Master McCloud last week refused relief from sanctions in the case brought by former Cabinet minister Andrew Mitchell MP against News Group Newspapers for The Sun’s coverage of the ‘Plebgate’ affair.
However, she granted leave to appeal of her own motion given the absence of authority on “precisely how strict the courts should be and in what circumstances” in the post-Jackson world.
Had the application been made before 1 April, “it would have been far more likely that… I would have granted relief on terms”, she said.
The case was begun under the pre-1 April defamation costs management pilot, and in June the master issued the sanction for two breaches of practice direction 51D: a failure to engage in discussion with the defendant as to budgets and budgetary assumptions, and a failure to file a budget seven days before the case management conference (CMC).
Mr Mitchell’s solicitor, Graham Atkins of Atkins Thomson, explained to the court the resourcing problems that had caused the breaches – with members of staff absent and the firm also working on the phone hacking litigation – but Master McCloud said they were not enough of an excuse.
“The explanations put forward by the claimant’s solicitors are not unusual ones. Pressure of work, a small firm, unexpected delays with counsel and so on,” she said. “These things happen, and I have no doubt they happened here.
“However, even before the advent of the new rules, the failure of solicitors was generally not treated as in itself a good excuse and I am afraid that however much I sympathise with the claimant’s solicitors, such explanations carry even less weight in the post-Jackson environment.”
Nonetheless, she said she was not bound to dismiss an application for relief merely due to the lack of a good excuse.

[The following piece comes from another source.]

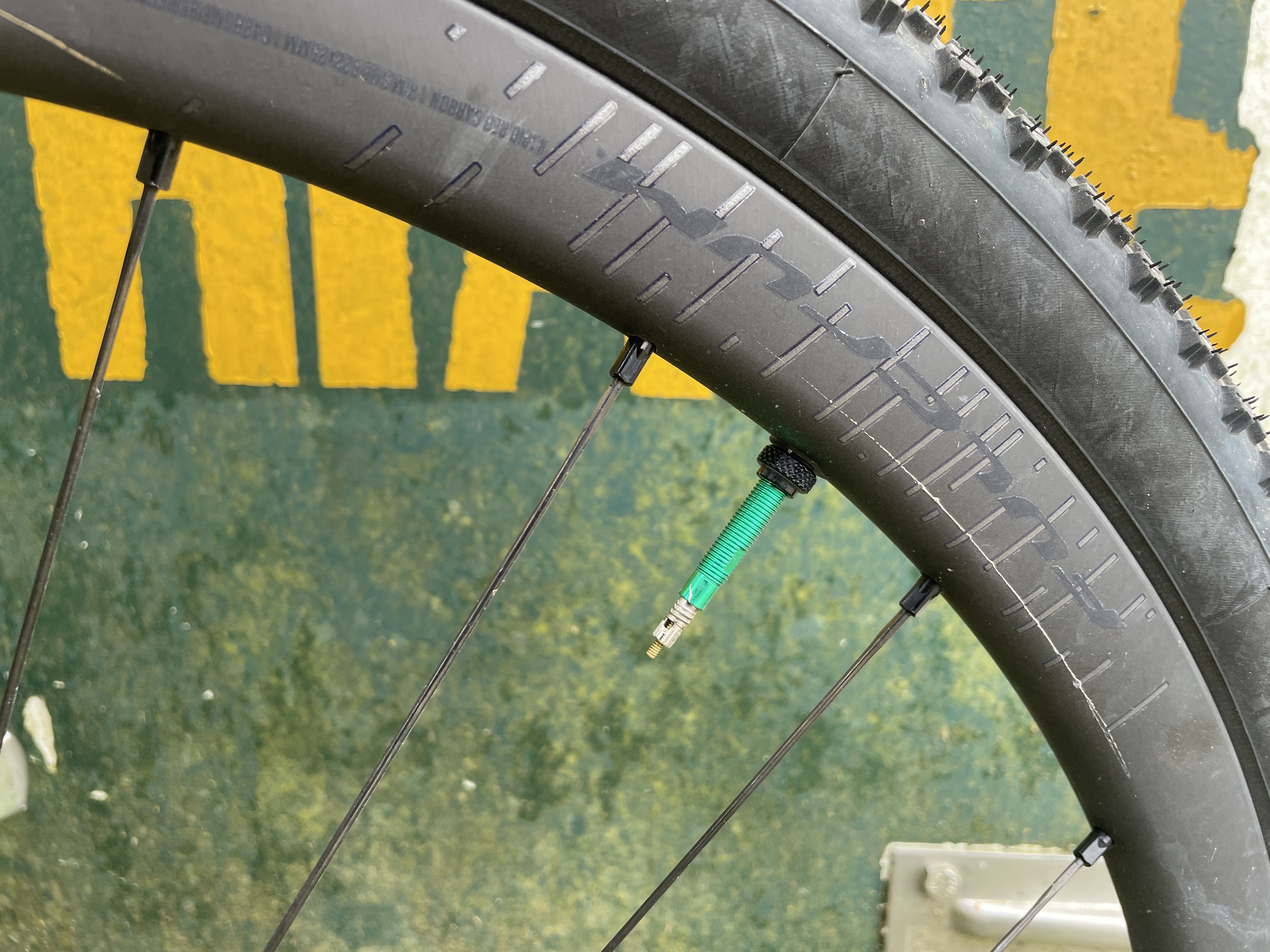 The liners come with green valves that let the air in sideways and stop any clogging up with sealant. I suspect careful shopping would find other liner and sealant friendly valves would work too, but the green valves do make it easy to spot who is running these Vittoria liners. Apparently if you watch the pros closely, you might spot the odd green valve on a rider sponsored by another tyre brand.

The master continued that there was no evidence of particular prejudice to Mr Mitchell arising from her order, adding: “Even if it did affect him financially and as to representation, there are many claimants who manage without lawyers and it could not be said that he would be denied access to a court more than is the case for others if they have to represent themselves.
“Article 6 rights are engaged but a proportionate sanction can be a legitimate interference with article 6 and in this instance Mr Mitchell is not driven from the court.

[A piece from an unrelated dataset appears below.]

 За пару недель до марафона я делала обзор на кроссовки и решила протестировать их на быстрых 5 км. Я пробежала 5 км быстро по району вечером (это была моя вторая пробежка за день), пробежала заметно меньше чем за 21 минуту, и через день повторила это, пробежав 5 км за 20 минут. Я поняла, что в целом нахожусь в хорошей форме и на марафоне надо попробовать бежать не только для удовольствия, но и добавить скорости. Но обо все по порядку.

“Equally I think it is obvious that the sanction is something of a windfall for the defendants, but that is often the way with sanctions.”
Master McCloud highlighted the policy position expressed by the Master of the Rolls, Lord Dyson, in a speech shortly before the Jackson reforms came into force about the need for judges to be stricter on non-compliance and to consider its wider impact on the system.
She said: “Cases are usually important to the parties but if such considerations weighed too heavily, one would be unable to implement the objectives of the new rules. One would be unable to prevent some claims from taking unfair amounts of judicial resources away from other claims at the very moment when it is common knowledge that budgetary constraints may lead to fewer judges in the courts, and to reduced non-judicial resources to operate those courts.
“Judicial time is thinly spread, and the emphasis must, if I understand the Jackson reforms correctly, be upon allocating a fair share of time to all as far as possible and requiring strict compliance with rules and orders even if that means that justice can be done in the majority of cases but not all.”
She noted that, while evidence of specific detriment to other litigants is not necessary, in this case she had had to vacate a half-day that had been allocated to deal with asbestos claims to list the application for relief.
The master went on to consider whether, in the circumstances, the claimant did not have enough time to produce his budget – four days, including a weekend, from being notified of the date of the CMC.
“But having considered this carefully, because it was a point which troubled me, the view I have taken is that the parties were well aware that this was a case for which budgeting would be required from the start and that the mere fact that a date is set for a CMC is not supposed to be the starting gun for proper consideration of budgeting.
“Budgeting is something which all solicitors by now ought to know is intended to be integral to the process from the start, and it ought not to be especially onerous to prepare a final budget for a CMC even at relatively short notice if proper planning has been done. The very fact that the defendants, using cost lawyers, were well able to deal with this in the time allotted highlights that there is no question of the time being plainly too short or unfairly so.”
Andy Ellis, managing director of Practico, the costs firm which was instructed by Simons Muirhead & Burton for the defendant, said: “This could be the first realisation of the warning given by the Court of Appeal in Henry – that things would be different, and a lot tougher, in the post-April world.
“It’s possibly easier to spare the rod when both sides have been slow to engage – but in this case the defendant had their tackle in order and the contrast was evident.”